━━━ Material shown ━━━
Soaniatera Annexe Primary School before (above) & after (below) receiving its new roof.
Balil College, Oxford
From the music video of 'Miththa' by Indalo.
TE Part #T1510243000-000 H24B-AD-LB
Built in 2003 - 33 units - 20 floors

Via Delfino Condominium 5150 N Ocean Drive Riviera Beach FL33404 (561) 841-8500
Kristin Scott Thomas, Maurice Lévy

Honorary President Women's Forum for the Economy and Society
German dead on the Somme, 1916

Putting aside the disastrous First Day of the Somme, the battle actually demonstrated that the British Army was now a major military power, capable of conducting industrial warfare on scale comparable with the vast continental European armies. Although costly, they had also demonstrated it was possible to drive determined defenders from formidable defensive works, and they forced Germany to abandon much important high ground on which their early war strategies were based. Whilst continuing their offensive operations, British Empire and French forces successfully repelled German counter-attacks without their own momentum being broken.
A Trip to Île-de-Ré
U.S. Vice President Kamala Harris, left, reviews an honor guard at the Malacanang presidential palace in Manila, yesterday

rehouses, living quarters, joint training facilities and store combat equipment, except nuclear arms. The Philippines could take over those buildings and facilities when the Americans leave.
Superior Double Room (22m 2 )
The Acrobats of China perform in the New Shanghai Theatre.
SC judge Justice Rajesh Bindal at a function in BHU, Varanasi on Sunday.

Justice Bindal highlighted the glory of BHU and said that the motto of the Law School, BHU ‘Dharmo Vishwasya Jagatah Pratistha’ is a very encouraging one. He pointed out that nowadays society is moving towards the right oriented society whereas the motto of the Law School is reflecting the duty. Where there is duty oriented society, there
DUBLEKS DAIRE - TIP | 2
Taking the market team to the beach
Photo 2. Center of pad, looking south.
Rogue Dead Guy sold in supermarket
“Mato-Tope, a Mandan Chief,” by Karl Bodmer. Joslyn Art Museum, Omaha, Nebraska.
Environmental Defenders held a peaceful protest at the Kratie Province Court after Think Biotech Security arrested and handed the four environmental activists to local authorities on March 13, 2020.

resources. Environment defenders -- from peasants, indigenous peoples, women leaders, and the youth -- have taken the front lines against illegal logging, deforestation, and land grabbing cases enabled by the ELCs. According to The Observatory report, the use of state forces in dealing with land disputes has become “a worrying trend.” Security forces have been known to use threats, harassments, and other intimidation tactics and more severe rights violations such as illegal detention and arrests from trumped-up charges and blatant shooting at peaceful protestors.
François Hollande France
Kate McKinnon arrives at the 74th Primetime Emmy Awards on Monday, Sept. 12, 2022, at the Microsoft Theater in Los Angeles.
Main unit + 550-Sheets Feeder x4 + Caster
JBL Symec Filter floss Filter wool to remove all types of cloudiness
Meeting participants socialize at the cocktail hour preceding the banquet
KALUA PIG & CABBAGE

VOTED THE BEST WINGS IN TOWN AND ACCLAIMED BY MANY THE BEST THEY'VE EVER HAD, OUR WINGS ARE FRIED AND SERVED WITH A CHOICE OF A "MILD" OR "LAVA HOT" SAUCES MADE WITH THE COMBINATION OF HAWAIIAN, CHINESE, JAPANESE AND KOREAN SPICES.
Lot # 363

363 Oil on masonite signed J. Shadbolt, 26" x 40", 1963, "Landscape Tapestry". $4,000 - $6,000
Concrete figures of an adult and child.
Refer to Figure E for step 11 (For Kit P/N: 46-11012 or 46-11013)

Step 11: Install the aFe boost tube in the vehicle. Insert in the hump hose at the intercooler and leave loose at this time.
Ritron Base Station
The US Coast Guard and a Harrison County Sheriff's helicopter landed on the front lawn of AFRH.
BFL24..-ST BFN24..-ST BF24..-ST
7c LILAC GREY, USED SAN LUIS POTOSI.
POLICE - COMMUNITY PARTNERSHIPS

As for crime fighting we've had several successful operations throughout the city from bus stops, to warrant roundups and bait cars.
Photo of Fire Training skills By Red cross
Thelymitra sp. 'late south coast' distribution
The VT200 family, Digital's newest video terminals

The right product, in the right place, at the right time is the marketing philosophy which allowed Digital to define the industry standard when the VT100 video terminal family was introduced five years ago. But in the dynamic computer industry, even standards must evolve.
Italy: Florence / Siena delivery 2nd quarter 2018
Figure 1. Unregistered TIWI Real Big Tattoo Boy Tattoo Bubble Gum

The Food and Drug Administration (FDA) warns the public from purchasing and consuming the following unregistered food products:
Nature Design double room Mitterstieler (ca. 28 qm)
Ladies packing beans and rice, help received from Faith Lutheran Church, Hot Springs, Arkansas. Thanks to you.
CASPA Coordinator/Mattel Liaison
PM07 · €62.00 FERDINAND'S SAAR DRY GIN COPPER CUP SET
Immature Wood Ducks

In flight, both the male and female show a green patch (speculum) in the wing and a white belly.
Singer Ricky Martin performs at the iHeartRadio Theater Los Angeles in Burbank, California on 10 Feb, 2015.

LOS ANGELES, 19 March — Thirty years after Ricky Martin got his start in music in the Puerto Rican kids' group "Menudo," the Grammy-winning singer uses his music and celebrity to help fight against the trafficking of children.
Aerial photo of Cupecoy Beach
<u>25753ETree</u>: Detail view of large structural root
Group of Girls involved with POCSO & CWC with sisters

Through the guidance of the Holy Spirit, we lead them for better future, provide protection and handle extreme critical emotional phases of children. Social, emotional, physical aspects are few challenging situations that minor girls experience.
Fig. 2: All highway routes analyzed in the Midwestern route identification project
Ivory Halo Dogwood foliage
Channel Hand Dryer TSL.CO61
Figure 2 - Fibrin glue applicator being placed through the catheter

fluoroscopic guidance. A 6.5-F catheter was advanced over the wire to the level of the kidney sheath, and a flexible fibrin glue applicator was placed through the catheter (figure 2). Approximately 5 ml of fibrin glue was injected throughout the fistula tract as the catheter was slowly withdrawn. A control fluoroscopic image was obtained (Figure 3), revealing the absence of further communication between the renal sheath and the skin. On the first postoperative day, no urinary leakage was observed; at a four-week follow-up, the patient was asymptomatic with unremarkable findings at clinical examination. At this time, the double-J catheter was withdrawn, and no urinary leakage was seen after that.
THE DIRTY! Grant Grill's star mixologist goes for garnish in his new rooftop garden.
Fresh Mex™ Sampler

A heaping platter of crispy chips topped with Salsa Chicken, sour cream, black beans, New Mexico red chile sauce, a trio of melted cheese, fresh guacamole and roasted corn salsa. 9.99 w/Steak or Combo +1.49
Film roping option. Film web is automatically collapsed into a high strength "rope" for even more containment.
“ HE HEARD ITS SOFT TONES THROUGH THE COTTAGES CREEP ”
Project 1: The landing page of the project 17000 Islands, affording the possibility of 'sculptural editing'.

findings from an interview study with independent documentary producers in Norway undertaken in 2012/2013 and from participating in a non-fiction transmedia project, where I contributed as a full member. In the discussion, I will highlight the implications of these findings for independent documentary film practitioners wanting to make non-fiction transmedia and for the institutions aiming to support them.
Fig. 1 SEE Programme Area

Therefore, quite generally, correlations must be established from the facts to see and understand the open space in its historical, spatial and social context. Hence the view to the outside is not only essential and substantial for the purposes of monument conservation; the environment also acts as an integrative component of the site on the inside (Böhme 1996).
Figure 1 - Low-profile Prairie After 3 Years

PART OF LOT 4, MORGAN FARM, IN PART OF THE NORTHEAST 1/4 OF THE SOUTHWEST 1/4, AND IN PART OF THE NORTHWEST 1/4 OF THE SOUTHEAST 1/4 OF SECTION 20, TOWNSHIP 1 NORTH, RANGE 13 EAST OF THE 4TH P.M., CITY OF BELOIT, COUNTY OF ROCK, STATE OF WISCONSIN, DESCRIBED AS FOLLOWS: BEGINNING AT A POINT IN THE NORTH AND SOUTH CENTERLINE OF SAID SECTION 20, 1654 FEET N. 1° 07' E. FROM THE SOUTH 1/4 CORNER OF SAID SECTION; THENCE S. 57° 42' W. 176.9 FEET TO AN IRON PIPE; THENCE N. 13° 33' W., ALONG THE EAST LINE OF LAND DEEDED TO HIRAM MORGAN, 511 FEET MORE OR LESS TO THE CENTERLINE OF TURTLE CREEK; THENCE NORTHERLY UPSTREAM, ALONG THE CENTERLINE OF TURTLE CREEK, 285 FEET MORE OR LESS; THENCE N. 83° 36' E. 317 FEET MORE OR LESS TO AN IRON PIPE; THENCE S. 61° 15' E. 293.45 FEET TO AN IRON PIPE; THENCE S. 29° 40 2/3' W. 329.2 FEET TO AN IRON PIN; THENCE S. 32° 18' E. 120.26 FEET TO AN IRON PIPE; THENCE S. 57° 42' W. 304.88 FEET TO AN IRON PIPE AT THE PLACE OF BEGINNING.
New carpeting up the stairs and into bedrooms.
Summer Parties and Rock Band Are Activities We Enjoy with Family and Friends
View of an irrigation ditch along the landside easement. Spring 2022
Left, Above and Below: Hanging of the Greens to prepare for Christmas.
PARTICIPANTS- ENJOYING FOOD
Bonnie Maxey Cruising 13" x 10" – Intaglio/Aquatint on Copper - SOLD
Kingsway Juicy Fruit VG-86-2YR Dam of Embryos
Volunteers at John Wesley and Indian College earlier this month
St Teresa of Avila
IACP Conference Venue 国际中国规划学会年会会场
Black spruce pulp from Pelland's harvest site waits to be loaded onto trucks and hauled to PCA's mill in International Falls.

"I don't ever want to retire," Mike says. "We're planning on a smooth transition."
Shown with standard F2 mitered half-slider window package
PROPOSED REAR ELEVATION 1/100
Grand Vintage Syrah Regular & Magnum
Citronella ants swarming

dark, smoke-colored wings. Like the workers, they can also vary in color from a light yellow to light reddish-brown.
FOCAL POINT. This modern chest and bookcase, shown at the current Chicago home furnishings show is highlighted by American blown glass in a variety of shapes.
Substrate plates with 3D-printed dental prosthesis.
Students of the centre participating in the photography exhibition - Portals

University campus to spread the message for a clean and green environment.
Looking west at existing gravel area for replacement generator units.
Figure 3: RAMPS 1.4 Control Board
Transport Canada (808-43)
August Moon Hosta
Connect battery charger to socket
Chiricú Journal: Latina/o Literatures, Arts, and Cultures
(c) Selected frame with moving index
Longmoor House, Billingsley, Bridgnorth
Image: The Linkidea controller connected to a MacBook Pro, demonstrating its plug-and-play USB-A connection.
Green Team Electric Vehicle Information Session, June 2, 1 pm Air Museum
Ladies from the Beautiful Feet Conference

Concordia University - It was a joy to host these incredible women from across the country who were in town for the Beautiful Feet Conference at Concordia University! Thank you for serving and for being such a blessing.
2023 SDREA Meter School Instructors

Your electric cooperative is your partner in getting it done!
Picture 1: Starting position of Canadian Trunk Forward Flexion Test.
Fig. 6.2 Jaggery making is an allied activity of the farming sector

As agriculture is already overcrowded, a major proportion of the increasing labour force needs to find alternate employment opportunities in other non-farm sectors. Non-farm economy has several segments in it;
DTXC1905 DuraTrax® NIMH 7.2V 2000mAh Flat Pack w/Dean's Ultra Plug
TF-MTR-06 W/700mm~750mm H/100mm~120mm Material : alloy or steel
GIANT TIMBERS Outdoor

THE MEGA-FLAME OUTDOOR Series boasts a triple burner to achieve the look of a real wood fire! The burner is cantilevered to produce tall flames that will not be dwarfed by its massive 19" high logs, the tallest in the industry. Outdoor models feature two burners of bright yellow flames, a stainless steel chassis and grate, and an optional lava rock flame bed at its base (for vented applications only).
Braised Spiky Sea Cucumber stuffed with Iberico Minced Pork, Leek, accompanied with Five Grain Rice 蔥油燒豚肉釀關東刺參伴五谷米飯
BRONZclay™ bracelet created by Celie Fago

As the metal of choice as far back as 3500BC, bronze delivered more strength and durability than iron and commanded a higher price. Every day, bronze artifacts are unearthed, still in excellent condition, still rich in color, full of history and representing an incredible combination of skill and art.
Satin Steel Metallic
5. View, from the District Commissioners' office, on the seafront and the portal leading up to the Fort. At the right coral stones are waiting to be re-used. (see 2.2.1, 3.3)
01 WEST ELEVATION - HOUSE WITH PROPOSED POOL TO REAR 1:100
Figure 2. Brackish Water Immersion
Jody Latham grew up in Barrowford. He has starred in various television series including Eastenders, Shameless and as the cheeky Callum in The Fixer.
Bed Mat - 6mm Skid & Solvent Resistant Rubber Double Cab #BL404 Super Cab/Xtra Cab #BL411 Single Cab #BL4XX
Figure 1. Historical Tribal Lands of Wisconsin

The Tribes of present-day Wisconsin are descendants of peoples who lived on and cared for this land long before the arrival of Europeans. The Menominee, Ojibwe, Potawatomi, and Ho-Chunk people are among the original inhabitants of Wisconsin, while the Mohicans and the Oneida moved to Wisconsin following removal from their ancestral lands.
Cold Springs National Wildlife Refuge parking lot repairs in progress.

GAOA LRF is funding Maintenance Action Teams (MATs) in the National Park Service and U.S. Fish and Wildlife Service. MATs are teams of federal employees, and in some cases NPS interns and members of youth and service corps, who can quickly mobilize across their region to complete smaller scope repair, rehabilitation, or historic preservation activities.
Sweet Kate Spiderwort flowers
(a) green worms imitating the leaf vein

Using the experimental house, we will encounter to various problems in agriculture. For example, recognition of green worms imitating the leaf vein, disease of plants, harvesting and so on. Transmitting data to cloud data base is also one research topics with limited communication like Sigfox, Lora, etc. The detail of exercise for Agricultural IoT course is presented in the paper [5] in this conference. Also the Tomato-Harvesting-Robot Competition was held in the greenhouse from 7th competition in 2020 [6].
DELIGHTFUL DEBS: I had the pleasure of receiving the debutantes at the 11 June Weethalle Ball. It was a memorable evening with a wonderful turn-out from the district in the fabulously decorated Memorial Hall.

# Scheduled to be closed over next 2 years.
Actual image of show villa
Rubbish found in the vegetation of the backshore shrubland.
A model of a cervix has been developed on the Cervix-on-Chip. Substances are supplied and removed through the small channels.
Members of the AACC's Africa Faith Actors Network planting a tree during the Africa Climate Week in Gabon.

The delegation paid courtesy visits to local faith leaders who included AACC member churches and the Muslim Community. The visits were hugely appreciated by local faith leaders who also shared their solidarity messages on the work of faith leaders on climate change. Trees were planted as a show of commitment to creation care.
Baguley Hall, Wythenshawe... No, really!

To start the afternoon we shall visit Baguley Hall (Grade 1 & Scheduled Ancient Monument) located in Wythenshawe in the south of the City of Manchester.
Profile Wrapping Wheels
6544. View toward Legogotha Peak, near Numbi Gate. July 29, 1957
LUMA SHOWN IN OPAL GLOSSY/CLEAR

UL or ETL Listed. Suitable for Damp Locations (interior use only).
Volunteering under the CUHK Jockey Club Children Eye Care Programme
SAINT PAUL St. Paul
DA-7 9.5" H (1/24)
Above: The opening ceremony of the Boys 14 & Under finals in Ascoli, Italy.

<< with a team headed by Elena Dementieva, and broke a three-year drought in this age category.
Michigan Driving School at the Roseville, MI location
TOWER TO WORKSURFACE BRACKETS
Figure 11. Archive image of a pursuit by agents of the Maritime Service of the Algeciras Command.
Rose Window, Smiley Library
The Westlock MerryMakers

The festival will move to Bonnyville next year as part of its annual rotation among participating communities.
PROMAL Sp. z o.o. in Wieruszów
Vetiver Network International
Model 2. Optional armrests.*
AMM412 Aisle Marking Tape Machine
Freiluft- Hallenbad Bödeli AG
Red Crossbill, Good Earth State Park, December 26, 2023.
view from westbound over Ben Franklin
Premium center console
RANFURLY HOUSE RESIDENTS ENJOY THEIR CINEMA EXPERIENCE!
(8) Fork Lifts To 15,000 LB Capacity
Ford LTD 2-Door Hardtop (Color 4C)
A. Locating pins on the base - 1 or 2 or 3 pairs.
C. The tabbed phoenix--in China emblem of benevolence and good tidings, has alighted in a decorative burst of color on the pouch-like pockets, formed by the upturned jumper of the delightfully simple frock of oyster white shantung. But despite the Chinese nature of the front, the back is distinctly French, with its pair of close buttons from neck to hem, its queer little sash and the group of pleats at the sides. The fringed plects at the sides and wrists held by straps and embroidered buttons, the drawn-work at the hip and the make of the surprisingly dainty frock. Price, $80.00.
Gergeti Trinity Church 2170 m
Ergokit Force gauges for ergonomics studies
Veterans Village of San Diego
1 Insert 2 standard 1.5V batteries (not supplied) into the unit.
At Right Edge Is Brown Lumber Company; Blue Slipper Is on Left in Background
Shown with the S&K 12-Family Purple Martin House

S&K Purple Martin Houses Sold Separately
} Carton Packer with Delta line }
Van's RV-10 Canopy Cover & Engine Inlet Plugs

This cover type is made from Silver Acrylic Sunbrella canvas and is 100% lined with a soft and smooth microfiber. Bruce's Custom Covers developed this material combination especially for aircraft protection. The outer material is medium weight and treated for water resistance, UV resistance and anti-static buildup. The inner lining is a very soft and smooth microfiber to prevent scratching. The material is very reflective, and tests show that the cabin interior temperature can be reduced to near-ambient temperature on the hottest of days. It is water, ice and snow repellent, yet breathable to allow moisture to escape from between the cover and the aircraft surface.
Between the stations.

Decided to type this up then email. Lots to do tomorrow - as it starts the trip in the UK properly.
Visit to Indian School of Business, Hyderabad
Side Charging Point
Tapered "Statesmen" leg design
━━━
Exercise description: Filter by the word "across": copy every line of the data that holds it.

Response to this exercise:
Concordia University - It was a joy to host these incredible women from across the country who were in town for the Beautiful Feet Conference at Concordia University! Thank you for serving and for being such a blessing.
GAOA LRF is funding Maintenance Action Teams (MATs) in the National Park Service and U.S. Fish and Wildlife Service. MATs are teams of federal employees, and in some cases NPS interns and members of youth and service corps, who can quickly mobilize across their region to complete smaller scope repair, rehabilitation, or historic preservation activities.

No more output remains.